__WHAT YOU WILL DO__
Output everything in the data exactly, leaving the pictures out.

:::::

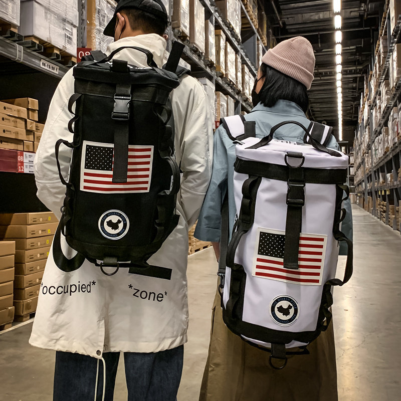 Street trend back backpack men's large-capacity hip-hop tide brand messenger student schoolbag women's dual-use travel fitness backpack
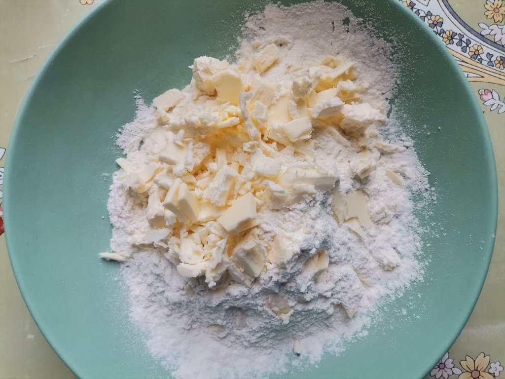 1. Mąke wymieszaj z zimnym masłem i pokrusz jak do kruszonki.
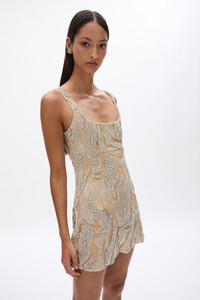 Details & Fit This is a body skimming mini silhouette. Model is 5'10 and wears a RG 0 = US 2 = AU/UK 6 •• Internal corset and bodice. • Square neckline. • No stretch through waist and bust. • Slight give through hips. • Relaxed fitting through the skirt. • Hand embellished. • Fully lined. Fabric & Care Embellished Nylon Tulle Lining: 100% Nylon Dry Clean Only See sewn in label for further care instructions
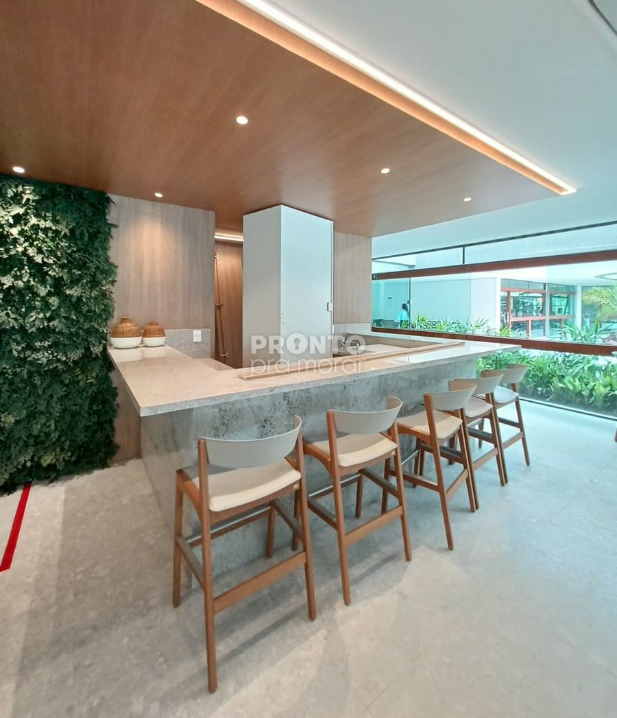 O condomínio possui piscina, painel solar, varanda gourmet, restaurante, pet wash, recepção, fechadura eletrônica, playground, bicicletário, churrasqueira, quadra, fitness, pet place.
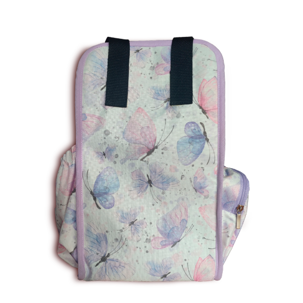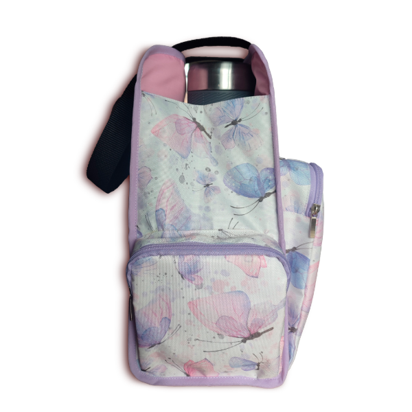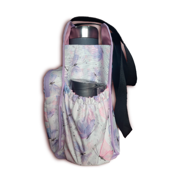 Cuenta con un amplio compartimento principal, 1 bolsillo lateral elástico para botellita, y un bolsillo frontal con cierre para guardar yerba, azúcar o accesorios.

:::::

__RESPONSE FOR THIS EXERCISE__
 Street trend back backpack men's large-capacity hip-hop tide brand messenger student schoolbag women's dual-use travel fitness backpack
 1. Mąke wymieszaj z zimnym masłem i pokrusz jak do kruszonki.
 Details & Fit This is a body skimming mini silhouette. Model is 5'10 and wears a RG 0 = US 2 = AU/UK 6 •• Internal corset and bodice. • Square neckline. • No stretch through waist and bust. • Slight give through hips. • Relaxed fitting through the skirt. • Hand embellished. • Fully lined. Fabric & Care Embellished Nylon Tulle Lining: 100% Nylon Dry Clean Only See sewn in label for further care instructions
 O condomínio possui piscina, painel solar, varanda gourmet, restaurante, pet wash, recepção, fechadura eletrônica, playground, bicicletário, churrasqueira, quadra, fitness, pet place.
 Cuenta con un amplio compartimento principal, 1 bolsillo lateral elástico para botellita, y un bolsillo frontal con cierre para guardar yerba, azúcar o accesorios.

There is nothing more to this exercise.